We should all live by the motto: “Feet don’t fail me now.” So what’s the cause of excruciating foot pain with a first step? Generally, it’s a medical condition directly related to foot heel spur syndrome known as plantar fasciitis. Medical foot injections composed from a steroid broadly known as cortisone can be used to ease the pain of plantar fasciitis. This type of steroid is not an enhancement-performance drug and is legal in the United States and international anti-doping regulations. According to Dr. Cathy Fieseler, president of the American Medical Athletic Association, “Cortisone is a wonderful, terrible drug.” It is wonderful because it knocks out the precise inflammation in the affected area of the foot. This relief of foot pain can be perceived as immediate when combined with short and long-acting local anesthesia. However, if the issue which caused the inflammation initially is not resolved the foot discomfort will inevitably return.
In podiatry practice, the rule of thumb for medical foot injections is no more than three cortisone injections in the same area during a one-year span. Overuse of corticosteroids can in fact be a terrible thing. While cortisone certainly does eliminate foot pain and inflammation, it’s also erosive to soft tissue. Consider this medical fact: cortisone is also used to reduce keloids and does so by breaking up excessive scar tissue formed in lesions like keloids. However, cortisone cannot discriminate scar tissue from healthy tissue, therefore, it will damage joint cartilage, rupture tendons and cause fat-pad atrophy. What’s a fat pad? In the foot, a healthy fat pad plays an important role in shock absorption in the heel and the ball of the foot. Too many cortisone injections to the area puts the fat pad at risk and may trigger additional foot problems which can be permanently worse than plantar fasciitis.

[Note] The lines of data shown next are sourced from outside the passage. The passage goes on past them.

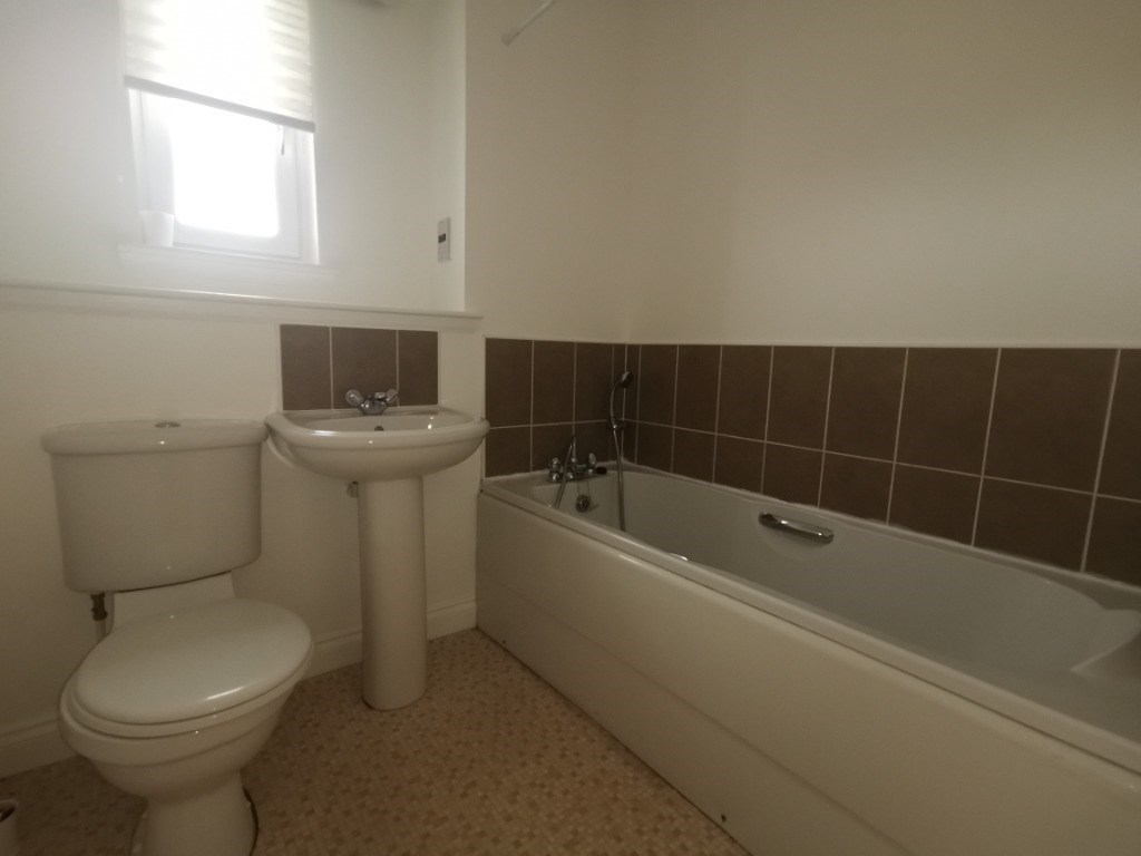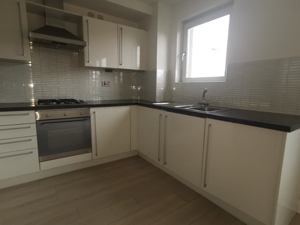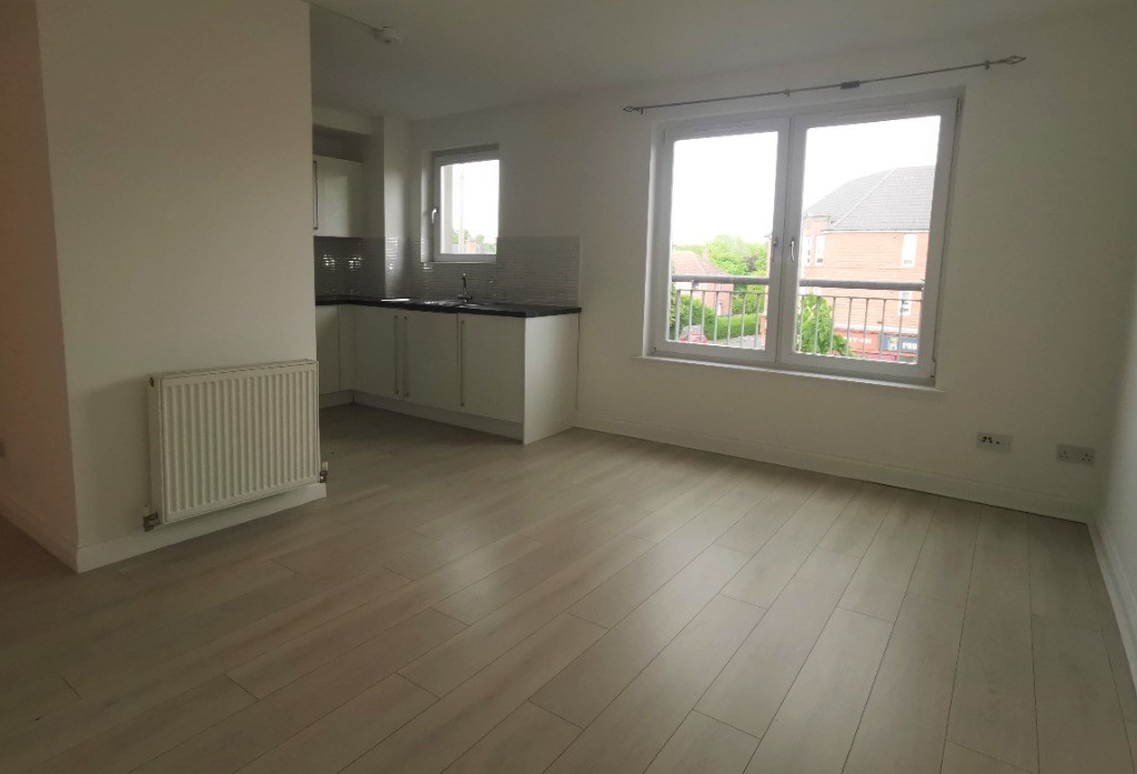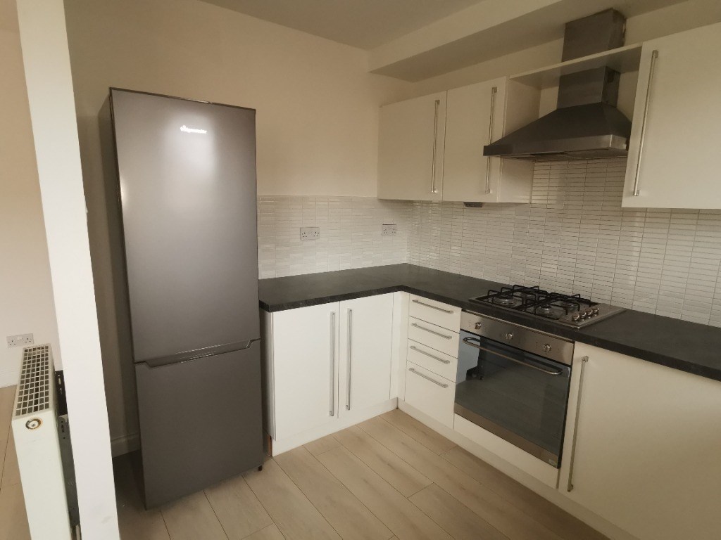The master bathroom has been fitted with a three piece white suite with over bath shower which runs from the mains water tap. Further benefits include partial tiled walls and lino flooring. The large open plan lounge/kitchen features light grey laminate flooring and freshly painted walls. The kitchen has been fitted with a variation of gloss white wall and base units with contrasting work tops. Appliances are included which consists of fridge/freezer, washing machine, gas hob and built in oven.
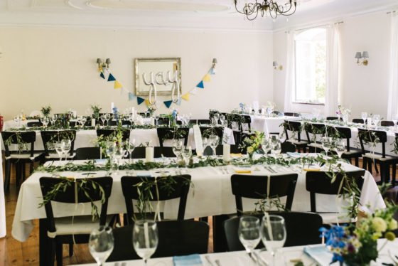 Gelb-blaue Sommerhochzeit
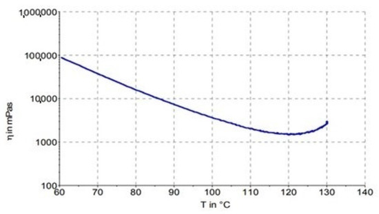 To meet the optimization criterion, it was necessary to extend the processing area when the resin has a low viscosity. At this point, it better impregnates the fibers, allows voids to escape from the laminate, and, in addition, its excess drains into the breather cloth [21]. Here, the course of viscosity measured by the prepreg manufacturer and the experiment [7] was used.
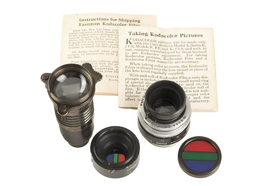 Bell & Howell 16mm Filmo 3-Color Kodacolor Outfit, c.1930, comprising a Taylor-Hobson Cooke Filmo Special 1.8/1" lens, no.172085, with 3-color Kodacolor filter with instructions in original boxes and a matching Model G projector lens with 3-color filter in original box. Together with a Filmo 57C 16mm projector with take-up reel in fitted case and a Filmo Auto Load 16mm movie camera (c.1940) with Cooke Kinic 1.5/1" lens, no.266383, Dallmeyer 4" Telephoto lens no.116957 in fitted case - very rare outfit, the Kodacolor accessories are in perfect condition
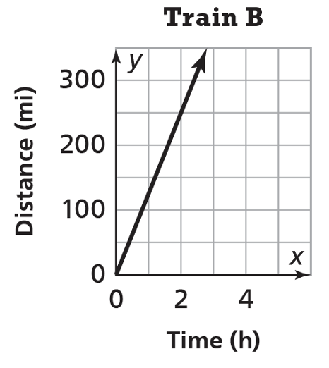 (Level 3) Find the slope of the line for Train B and explain what it means.
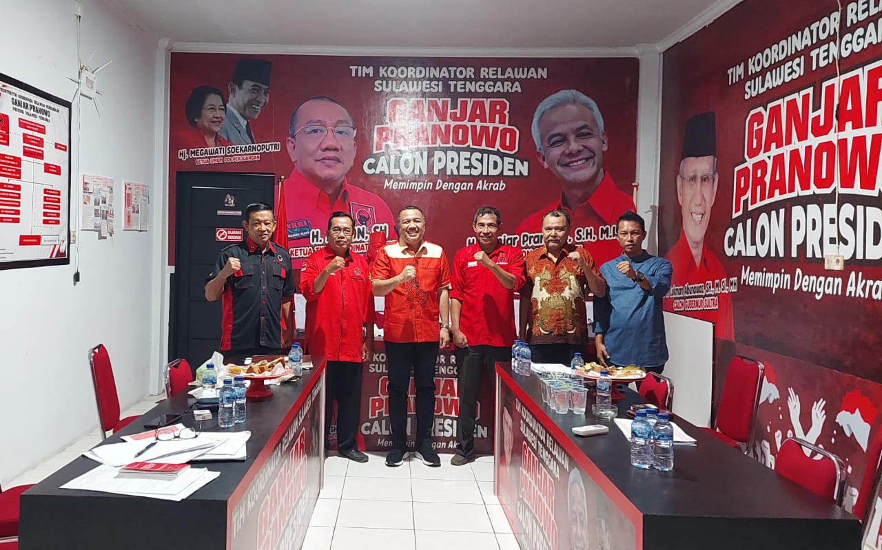 Bakal calon Walikota Kendari, Aksan Jaya Putra bersama kader PDIP usai wawancara di Kantor PDIP Sultra. Foto: La Niati,Keratonnews.Co.Id
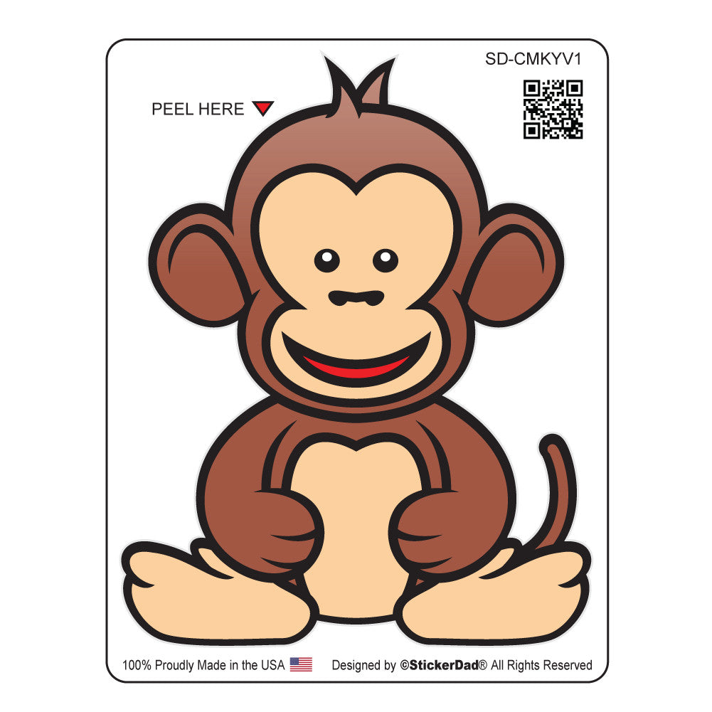 Cute Monkey V1 - 4" Full Color Printed Vinyl Decal Window Sticker

If someone has been suffering with plantar fasciitis for more than a year and exhausted all conservative foot-pain therapy such as, but not limited to: stretching exercises, shoe inserts, foot splints, physical therapy; then, cortisone injection surgical intervention should be considered. Frankly, this option is under-utilized. Most of us cringe at the thought of foot surgery and being out of commission. But the truth is, recovery is speedy and the relief of foot pain can be instant and, more importantly, permanent.
In order to understand why surgical intervention is a viable option for foot-heel-pain sufferers, it’s necessary to understand what plantar fasciitis is. The plantar fascia is a taut broadband, ligament-like structure located in the bottom of the heel. Plantar fascia strength can be comparable to that of duct tape: super strong and tough to tear. Extremely flexible flat feet, for example, can easily acquire micro tears in the plantar fascia. Where the split occurs elicits the inflammatory process which in turn produces agonizing foot pain. The surgical procedure of choice is known as “plantar fasciotomy.” This simply calls for the foot surgeon to make a small incision through the plantar fascia to relieve tension. By doing so, the plantar fascia is elongated and no longer taut and prone to tearing. Best of all: the incision can be closed with a few stitches and the patient can return to work the next day absolutely pain free.